◆ WHAT THIS TASK INVOLVES:
A verbatim copy of the listing is what is needed, minus any pictures.

◆ RECORDS PROVIDED:
____________________

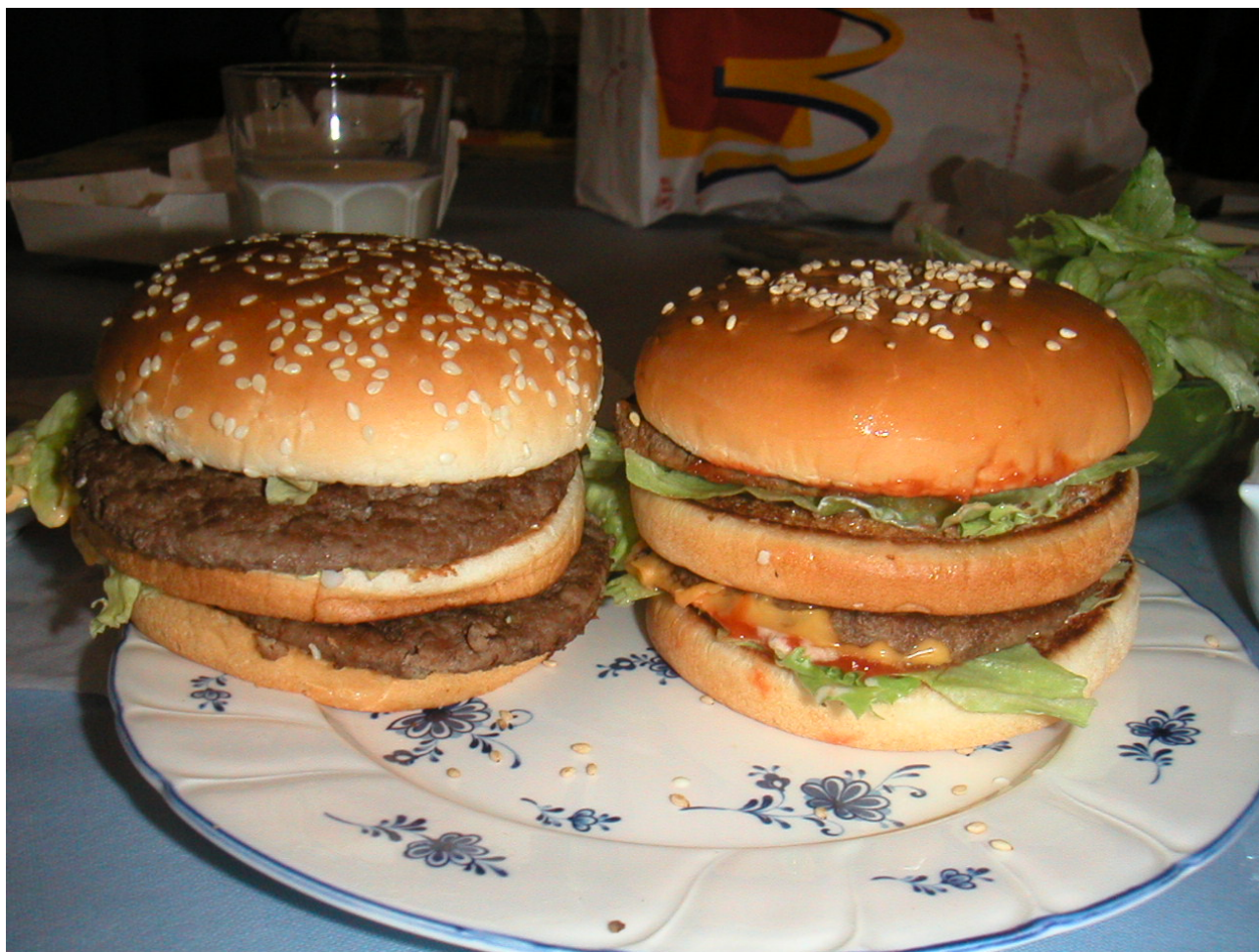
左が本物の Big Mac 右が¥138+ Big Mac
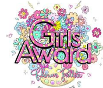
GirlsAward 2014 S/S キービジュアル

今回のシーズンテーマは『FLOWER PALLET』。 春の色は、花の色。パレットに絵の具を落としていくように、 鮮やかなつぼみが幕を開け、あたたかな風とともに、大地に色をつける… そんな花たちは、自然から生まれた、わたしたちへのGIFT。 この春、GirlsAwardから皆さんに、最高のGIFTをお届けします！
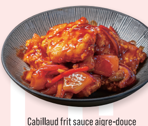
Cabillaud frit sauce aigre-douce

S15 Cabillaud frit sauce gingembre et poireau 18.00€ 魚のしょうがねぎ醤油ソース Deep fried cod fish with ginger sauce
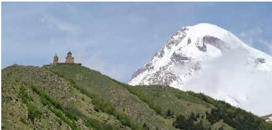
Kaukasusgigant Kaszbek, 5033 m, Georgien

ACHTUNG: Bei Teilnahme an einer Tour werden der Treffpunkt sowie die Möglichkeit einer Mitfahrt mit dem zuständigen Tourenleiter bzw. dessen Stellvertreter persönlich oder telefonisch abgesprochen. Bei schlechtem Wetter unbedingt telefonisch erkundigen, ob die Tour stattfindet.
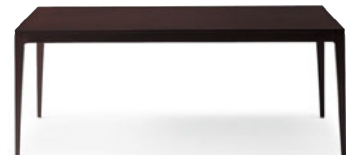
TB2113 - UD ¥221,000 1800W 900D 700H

____________________

◆ ANSWER BOX:
左が本物の Big Mac 右が¥138+ Big Mac
GirlsAward 2014 S/S キービジュアル

今回のシーズンテーマは『FLOWER PALLET』。 春の色は、花の色。パレットに絵の具を落としていくように、 鮮やかなつぼみが幕を開け、あたたかな風とともに、大地に色をつける… そんな花たちは、自然から生まれた、わたしたちへのGIFT。 この春、GirlsAwardから皆さんに、最高のGIFTをお届けします！
Cabillaud frit sauce aigre-douce

S15 Cabillaud frit sauce gingembre et poireau 18.00€ 魚のしょうがねぎ醤油ソース Deep fried cod fish with ginger sauce
Kaukasusgigant Kaszbek, 5033 m, Georgien

ACHTUNG: Bei Teilnahme an einer Tour werden der Treffpunkt sowie die Möglichkeit einer Mitfahrt mit dem zuständigen Tourenleiter bzw. dessen Stellvertreter persönlich oder telefonisch abgesprochen. Bei schlechtem Wetter unbedingt telefonisch erkundigen, ob die Tour stattfindet.
TB2113 - UD ¥221,000 1800W 900D 700H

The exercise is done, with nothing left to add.